In the records below, reproduce exactly the lines from the one containing "stattfinden-de, abendliche Skiparty." through the one containing "ENAMEL STOCK POT, CLAY", both included, and omit the pictures.

Records for this task:
━━━━━━━━━━━━━━━━

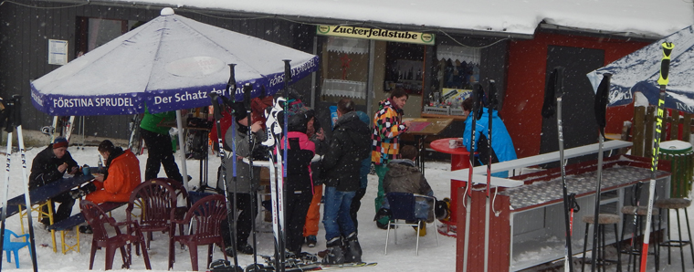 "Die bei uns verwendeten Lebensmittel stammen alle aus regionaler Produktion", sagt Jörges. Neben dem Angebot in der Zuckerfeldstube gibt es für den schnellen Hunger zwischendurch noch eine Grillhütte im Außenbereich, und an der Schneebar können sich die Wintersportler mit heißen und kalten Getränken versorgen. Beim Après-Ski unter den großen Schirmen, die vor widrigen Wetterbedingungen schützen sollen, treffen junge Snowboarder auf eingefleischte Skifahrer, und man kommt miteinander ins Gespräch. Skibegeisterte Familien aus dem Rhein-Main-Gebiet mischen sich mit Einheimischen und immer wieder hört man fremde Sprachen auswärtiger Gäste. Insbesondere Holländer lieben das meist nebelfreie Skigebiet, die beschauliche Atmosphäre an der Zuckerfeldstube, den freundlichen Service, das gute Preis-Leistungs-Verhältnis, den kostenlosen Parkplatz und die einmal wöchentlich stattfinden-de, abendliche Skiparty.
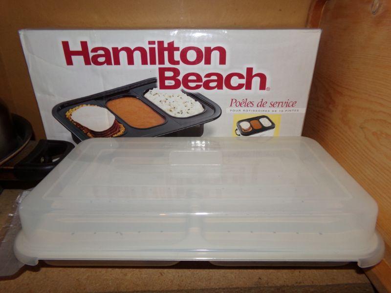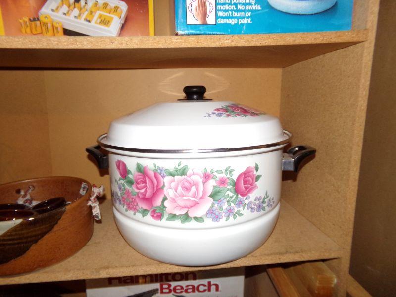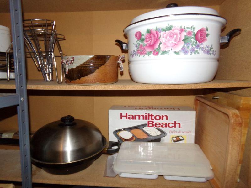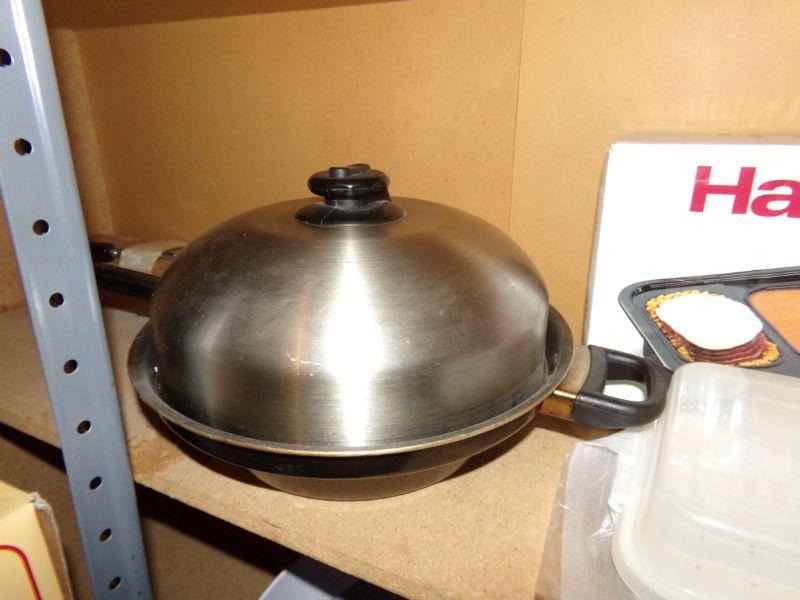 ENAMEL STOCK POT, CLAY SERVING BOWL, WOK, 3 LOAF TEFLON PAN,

━━━━━━━━━━━━━━━━

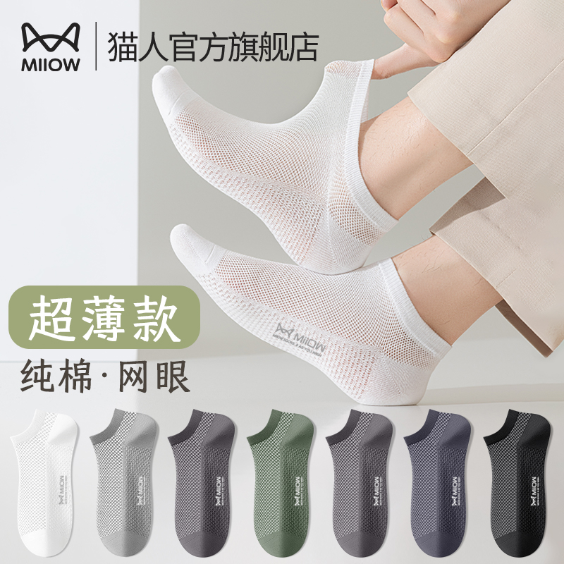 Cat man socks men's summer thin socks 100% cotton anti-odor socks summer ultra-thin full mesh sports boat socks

━━━━━━━━━━━━━━━━

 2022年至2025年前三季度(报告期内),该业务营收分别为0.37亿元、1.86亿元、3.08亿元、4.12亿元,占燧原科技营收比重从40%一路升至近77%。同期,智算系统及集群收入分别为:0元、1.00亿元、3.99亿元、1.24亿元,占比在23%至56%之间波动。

━━━━━━━━━━━━━━━━

Answer to this problem:
 "Die bei uns verwendeten Lebensmittel stammen alle aus regionaler Produktion", sagt Jörges. Neben dem Angebot in der Zuckerfeldstube gibt es für den schnellen Hunger zwischendurch noch eine Grillhütte im Außenbereich, und an der Schneebar können sich die Wintersportler mit heißen und kalten Getränken versorgen. Beim Après-Ski unter den großen Schirmen, die vor widrigen Wetterbedingungen schützen sollen, treffen junge Snowboarder auf eingefleischte Skifahrer, und man kommt miteinander ins Gespräch. Skibegeisterte Familien aus dem Rhein-Main-Gebiet mischen sich mit Einheimischen und immer wieder hört man fremde Sprachen auswärtiger Gäste. Insbesondere Holländer lieben das meist nebelfreie Skigebiet, die beschauliche Atmosphäre an der Zuckerfeldstube, den freundlichen Service, das gute Preis-Leistungs-Verhältnis, den kostenlosen Parkplatz und die einmal wöchentlich stattfinden-de, abendliche Skiparty.
 ENAMEL STOCK POT, CLAY SERVING BOWL, WOK, 3 LOAF TEFLON PAN,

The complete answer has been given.